According to a search of the major newspapers database maintained by Nexis, "Hello, Dolly" has appeared in print at least 50 times since Feb. 24. (And that didn't include the headline on Page 1 of yesterday's Washington Post, "Hello Dolly, Goodbye to One Man's Quiet Life.")

"Hello, Dolly" is so ubiquitous it has appeared in columns by both Ellen Goodman and George F. Will. Great, they finally agree on something and it's a banal cliche.

It has been used as a headline from Toronto to Singapore, from Jerusalem to Glasgow. And, yes, the usage appeared in The Sun as well. Too bad titles can't be copyrighted; songwriter Jerry Herman would be getting a quick infusion of cash right now.

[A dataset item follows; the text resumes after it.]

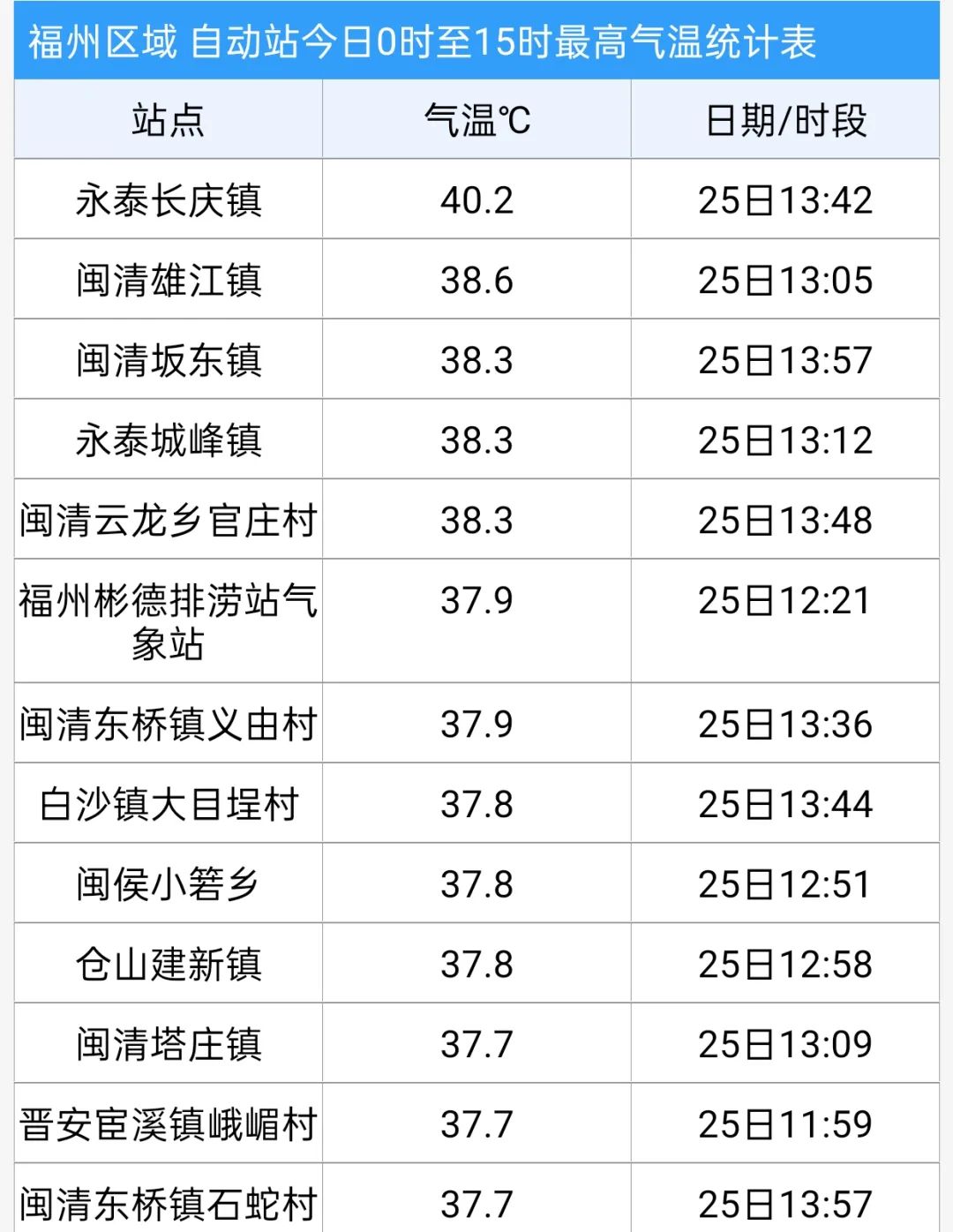 福州这里测得40.2℃

By contrast, the Dalai Lama's 49 "Hello, Dalai" references took much longer to collect. Its first documented appearance was in the Post on Nov. 7, 1977, a headline for a piece written by Robert H. Williams. ("Yep, the Dalai Lama, the exiled Tibetan leader who now lives in India, reportedly has asked to visit America.")

That thigh-slapper was later popularized by a media personality who also seems to have been cloned of late: Howard Stern, now appearing everywhere to promote his film, "Private Parts." He once sent "Stuttering" John Melendez to ask the Dalai Lama just how often he heard the greeting.

There is no record of the Dalai Lama's reply, but he was probably thinking: "I'd really like to punch this guy in the mouth if I hadn't devoted my life to non-violence."

There. We hope everyone's feeling good and sheepish about now.